- _The task_: Write out all the data verbatim. Skip images.

- _Data section_:
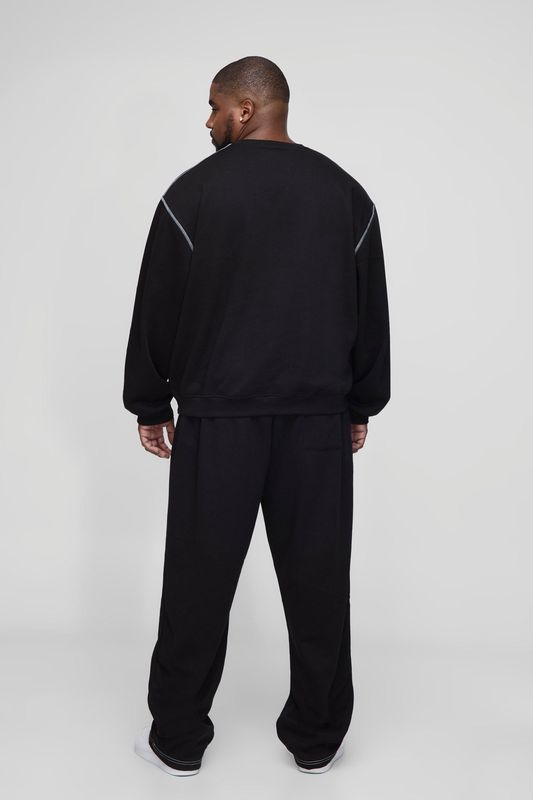 Plus Oversized Official Contrast Stitch Flat Knit Joggers
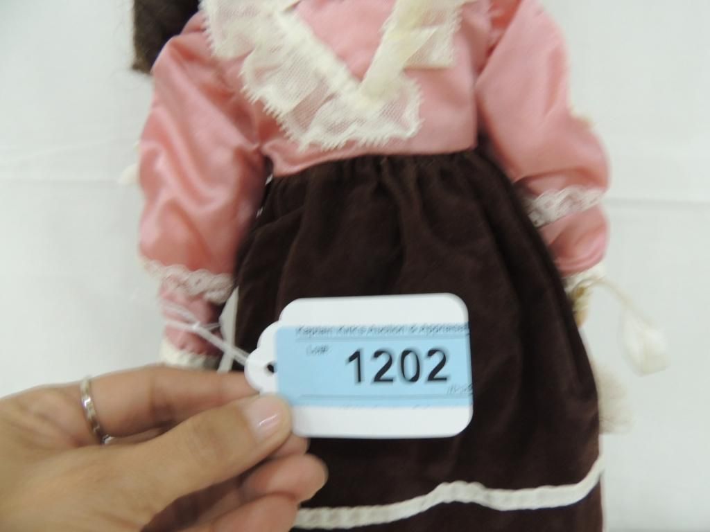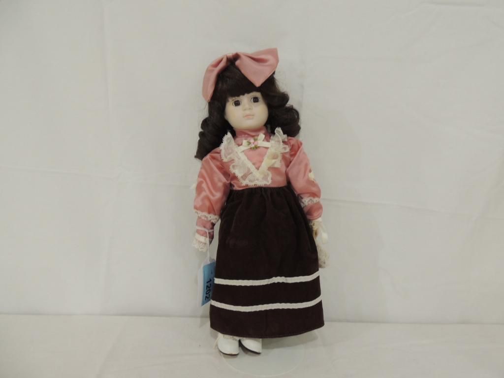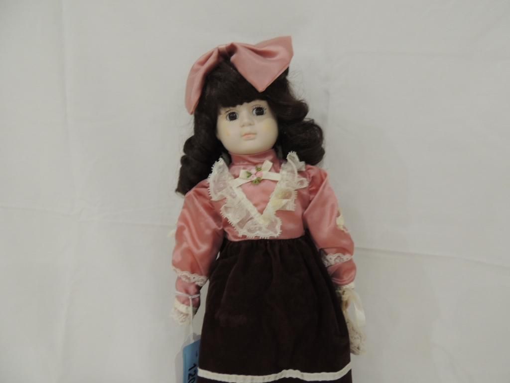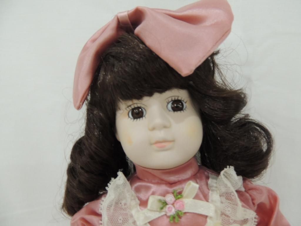 PORCELAIN DOLL PINK AND BROWN DRESS WITH LARGE BOW AND BROWN CURLS AS SHOWN SEE PHOTO FOR MORE DETAILS.
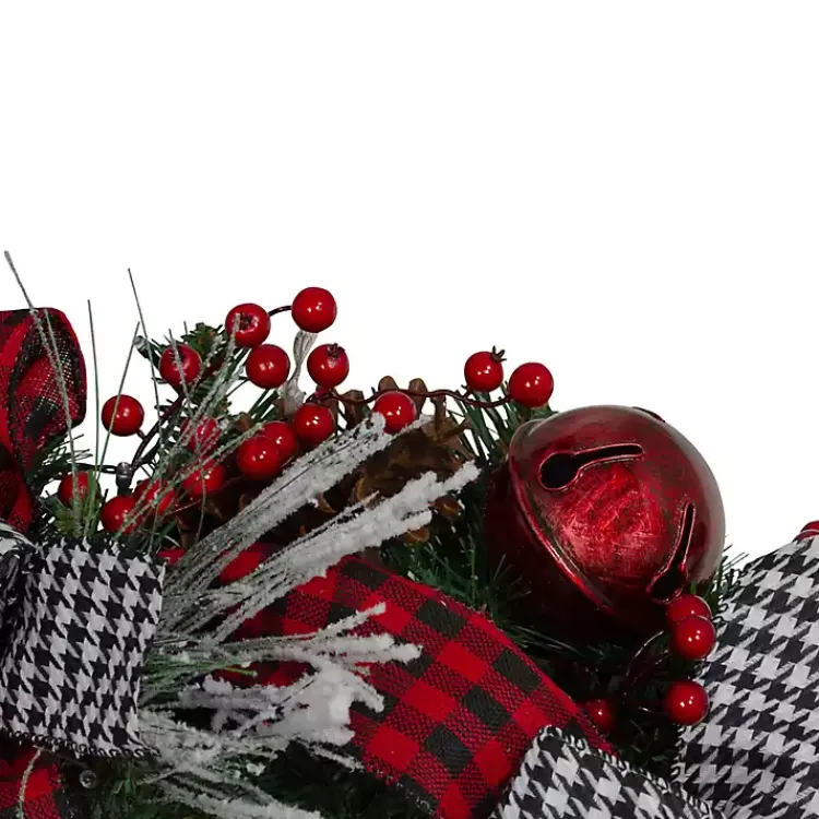 - Artificial mix of greenery, ornaments, and bows

- _Reply_:
 Plus Oversized Official Contrast Stitch Flat Knit Joggers
 PORCELAIN DOLL PINK AND BROWN DRESS WITH LARGE BOW AND BROWN CURLS AS SHOWN SEE PHOTO FOR MORE DETAILS.
 - Artificial mix of greenery, ornaments, and bows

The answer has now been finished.